**Task directions**
The output should be the listing below, limited to the lines from the one with "Rybník Novodvorský V. v Ralsku se plní vodou" through the one with "Linguïstiek. Deze studie", exact and without pictures.
+++++
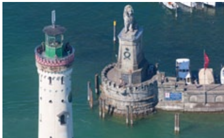
Lindau Hafeneinfahrt, Quelle: Stadt Lindau, Pressebilder, Foto: Archim Mende

Friedrichshafen mit Zeppelinwerk, evtl. Standortquartier, Meersburg mit den Pfahlbauten in Unteruhldingen, Konstanz, die Inseln im See Mainau und Reichenau, je nach Zeit St. Gallen am Heimfahrtstag
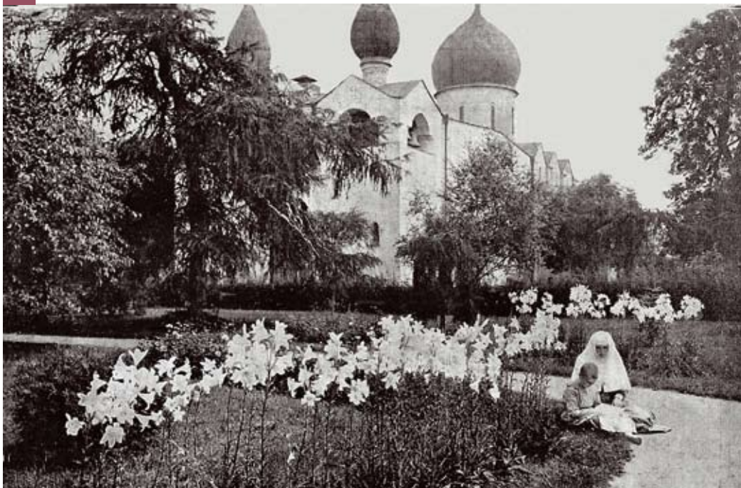
Марфо-Мариинская обитель располагается в Москве, на улице Большая Ордынка
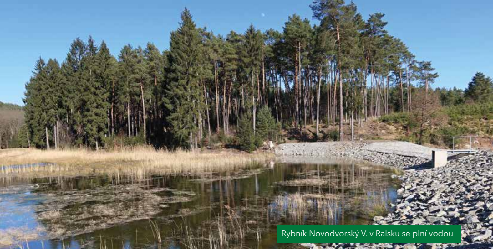
Rybník Novodvorský V. v Ralsku se plní vodou
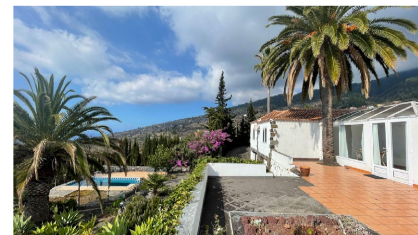
TIJARAFE 510.000 €

Renovierungsobjekt: 2 große Steinhäuser mit großem Grundstück. Para reformar: Dos casas canarias antiguas con terreno grande.
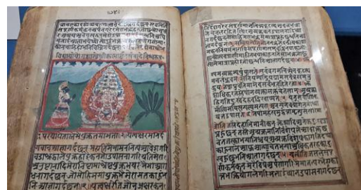
Oude boeddhistische tekst in Sanskriet

Linguïstiek. Deze studie gaat over de ontwikkeling van talen.
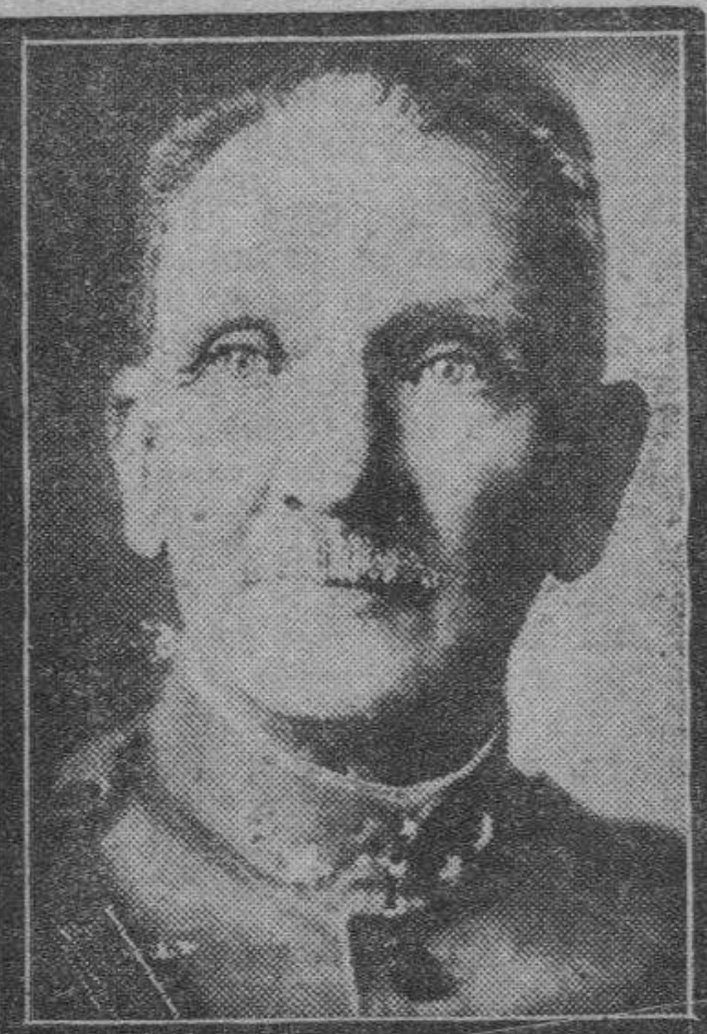
El general Díaz López, generalísimo de los sublevados de San Paulo.
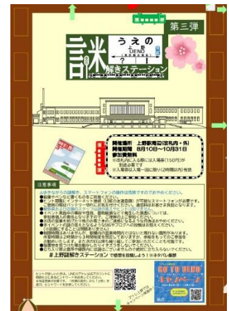
パンフレット(イメージ)

※上野駅までの運賃や、改札内に入る際の入場券が別途必要になります。 ※謎を解く際に、改札の入場・出場が必要になります。
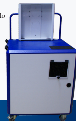
Armadio con portello TAV L24

Esiste versione Grande Freddo con sistema di riscaldamento
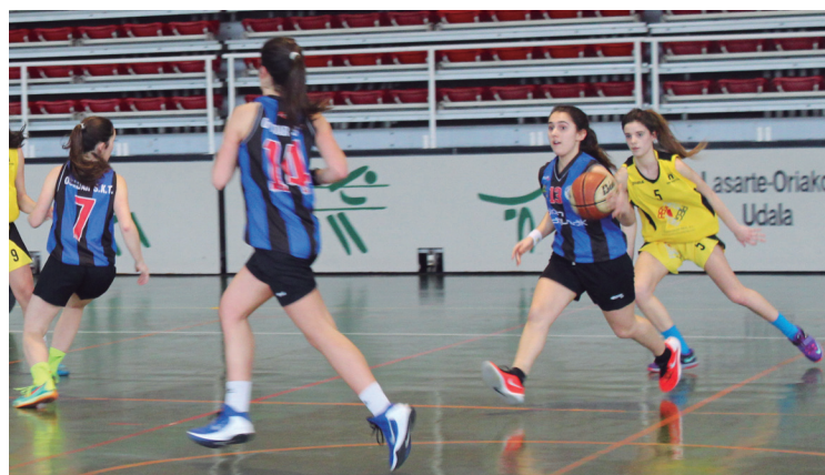
Ederki borrokatu beahr izan zuten junior neskek garaipena lortzeko.
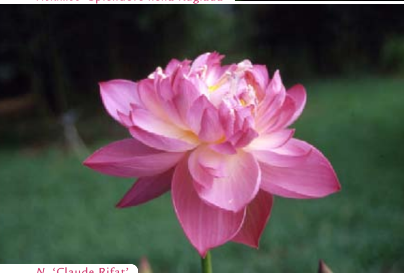
N. 'Claude Rifat'
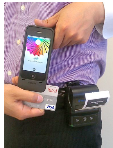
P25-i は専用の留め金を利用し腰に装着可能 両手が自由に使えるので決済も可能に！

当社ではペイメント・マイスターのモバイル印刷対応に関し、本製品を標準オプション品として 9 月より発売を開始します。またペイメント・マイスターだけではなく、iPod touch、iPhone、iPad を活用した各社の業務用アプリケーションと連携した様々な印刷用途向けにも、本製品の販売を積極的に行っていく予定です。
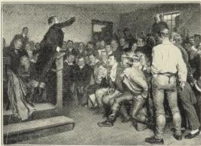
Professor Steffens begeistert in Breslau im Jahre 1813 zur Volkerhebung

Im Jahre 1913 in vielen hunderttausend Exemplaren zu verkaufen.
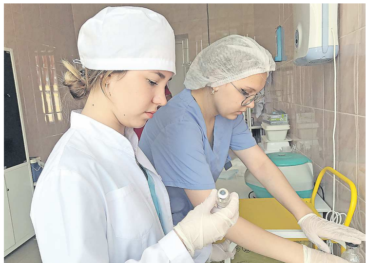
Студенты относятся к своим обязанностям максимально ответственно
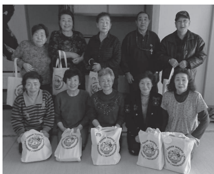
▲美国宝寿会の皆さん
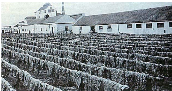
Fig. 1 - Charqueada Mazza.
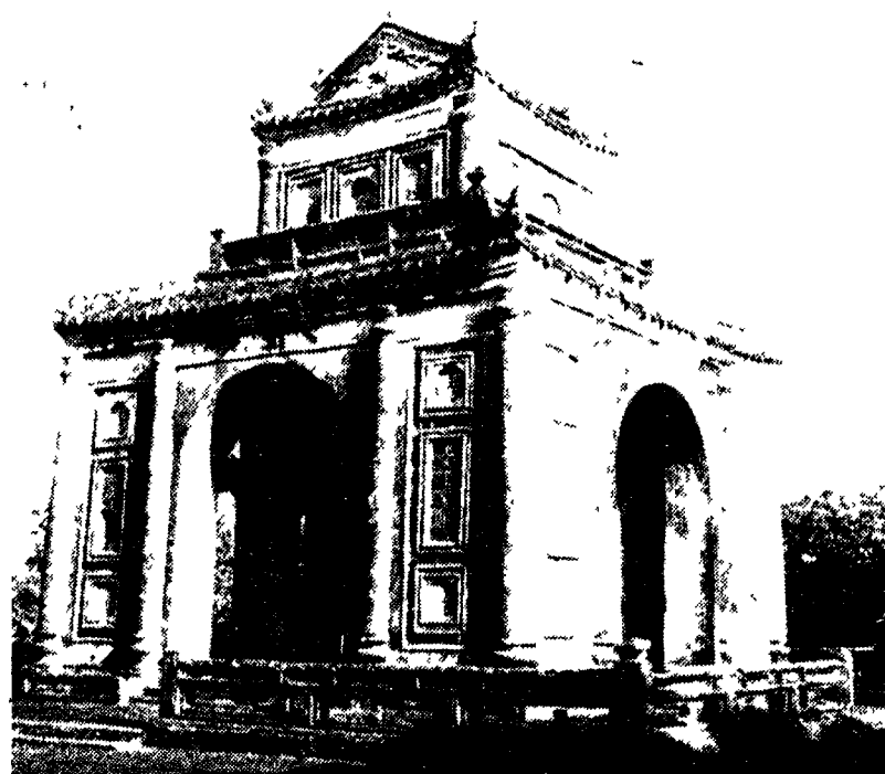
Huê. La tomba di re Tu Duc

A Sud di questo scoppietante agglomerato urbano, si allarga il ventaglio del Delta del Mekong, imprigionato in un reticolo di canali di drenaggio ed irrigazione. È percorso da file di sampan, carichi di gambie e polli, di maiali, e di bambini. Il naufrago del 1500 si stupiva estasiato alla vista delle coste del Champa, a nord di Saigon, e dei boschi balsamici, talmente profumati che il fiume che li attraversa se ne impregna, porta il nome di «Fiume dei profumi». L'essenza che se ne ricava è il prezioso Junshur. Basterebbe spingersi di poco, nelle ombre dei boschi, per scoprire una grande varietà di orchidee aeree, sospese ai rami, gialle e lilla. Il regno dei Champa, pirati dell'XI secolo, ha cessato di esistere da tempo. Ma a Nha Trang i loro discendenti continuano ad aggirarsi intorno ai templi abbandonati che si ergono sulle alture. Piccoli e scuri si abbarbicano, come le piante di capren, attorno al loro unico «Tempio Vivente», il Po Nagar
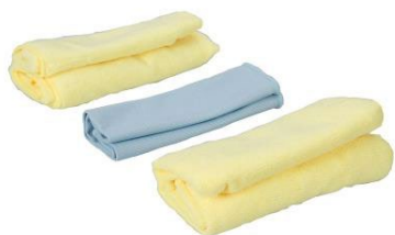
Обезжиривание при помощи тряпки
+++++
**Response for this exercise**
Rybník Novodvorský V. v Ralsku se plní vodou
TIJARAFE 510.000 €

Renovierungsobjekt: 2 große Steinhäuser mit großem Grundstück. Para reformar: Dos casas canarias antiguas con terreno grande.
Oude boeddhistische tekst in Sanskriet

Linguïstiek. Deze studie gaat over de ontwikkeling van talen.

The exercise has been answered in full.